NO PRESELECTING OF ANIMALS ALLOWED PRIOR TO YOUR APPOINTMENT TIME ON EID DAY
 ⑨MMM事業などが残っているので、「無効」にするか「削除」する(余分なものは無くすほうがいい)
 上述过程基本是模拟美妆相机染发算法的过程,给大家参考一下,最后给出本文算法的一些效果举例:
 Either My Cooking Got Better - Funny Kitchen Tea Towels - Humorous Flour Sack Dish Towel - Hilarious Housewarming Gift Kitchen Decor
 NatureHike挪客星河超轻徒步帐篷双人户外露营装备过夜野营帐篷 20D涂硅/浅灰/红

==

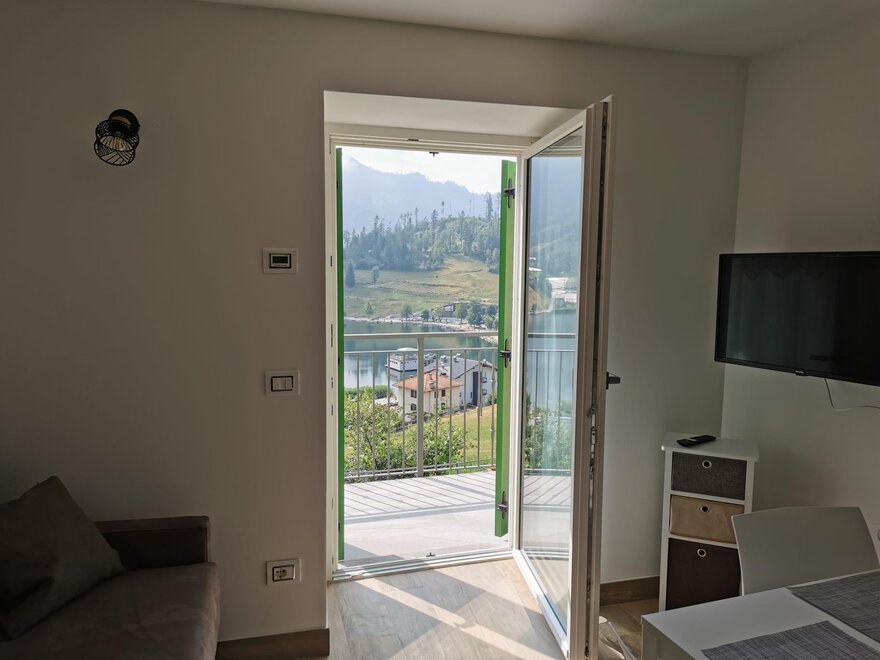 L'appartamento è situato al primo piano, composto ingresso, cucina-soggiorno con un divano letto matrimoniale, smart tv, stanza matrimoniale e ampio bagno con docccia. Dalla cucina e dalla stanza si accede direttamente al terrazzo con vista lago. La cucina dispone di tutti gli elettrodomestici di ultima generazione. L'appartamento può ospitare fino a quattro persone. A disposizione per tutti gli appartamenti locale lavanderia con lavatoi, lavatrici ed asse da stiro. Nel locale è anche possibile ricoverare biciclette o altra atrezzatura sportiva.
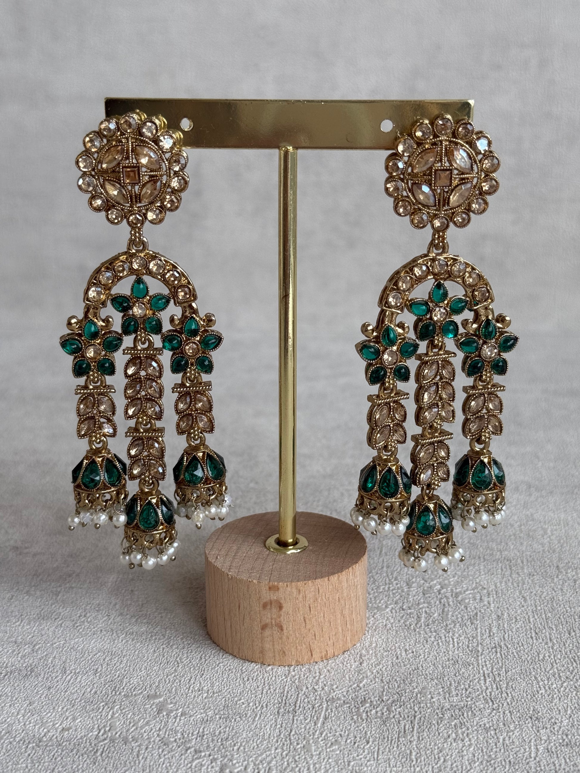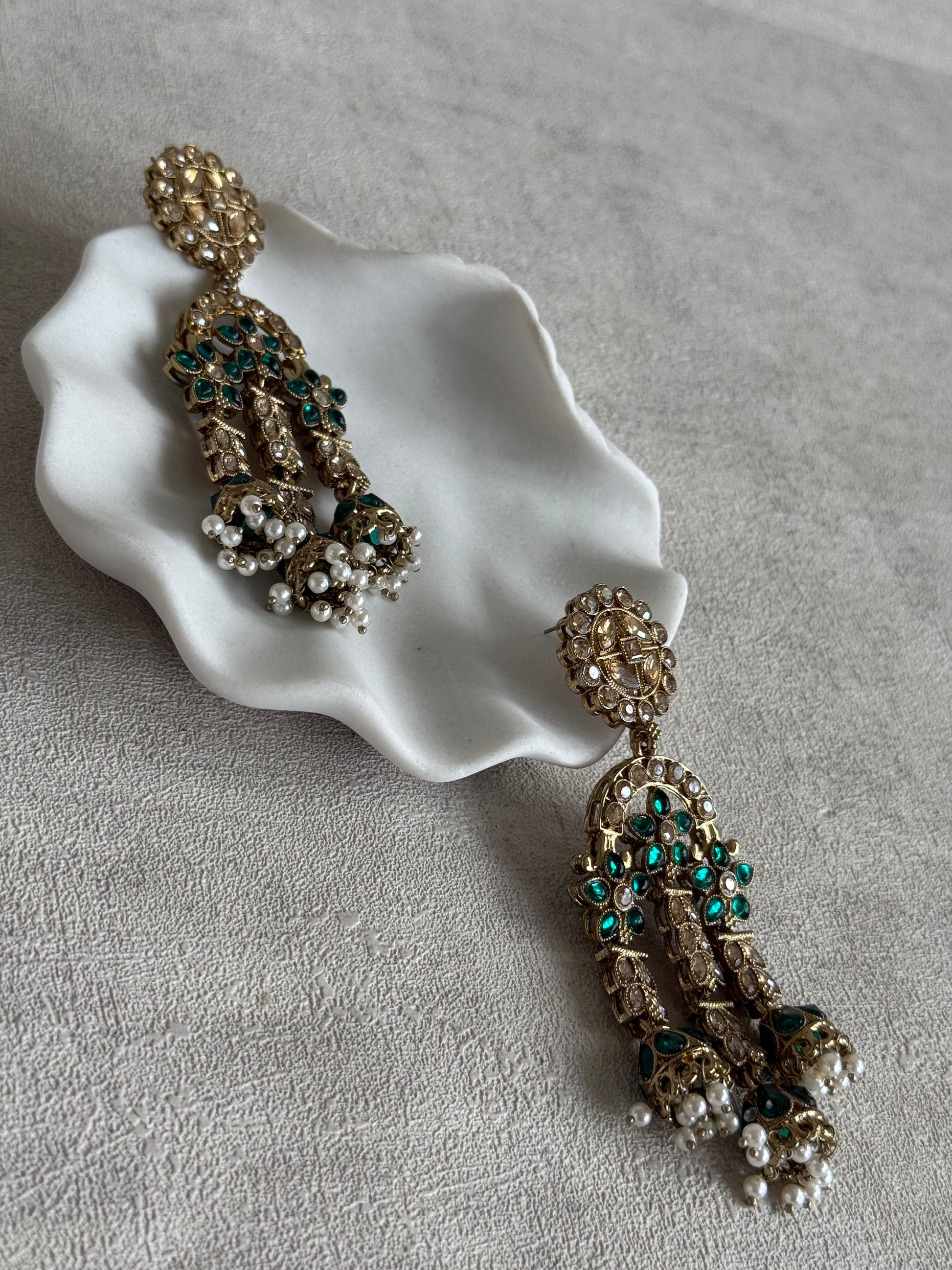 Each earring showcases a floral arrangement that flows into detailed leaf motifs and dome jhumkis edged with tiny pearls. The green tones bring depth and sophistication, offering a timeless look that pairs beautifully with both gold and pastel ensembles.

→ **Exercise directions**
Would you print exactly, and only, the lines of the data above from the line with "上述过程基本是模拟美妆相机染" through the line with "NatureHike挪客星河", inclusive?

→ **Task response**
 上述过程基本是模拟美妆相机染发算法的过程,给大家参考一下,最后给出本文算法的一些效果举例:
 Either My Cooking Got Better - Funny Kitchen Tea Towels - Humorous Flour Sack Dish Towel - Hilarious Housewarming Gift Kitchen Decor
 NatureHike挪客星河超轻徒步帐篷双人户外露营装备过夜野营帐篷 20D涂硅/浅灰/红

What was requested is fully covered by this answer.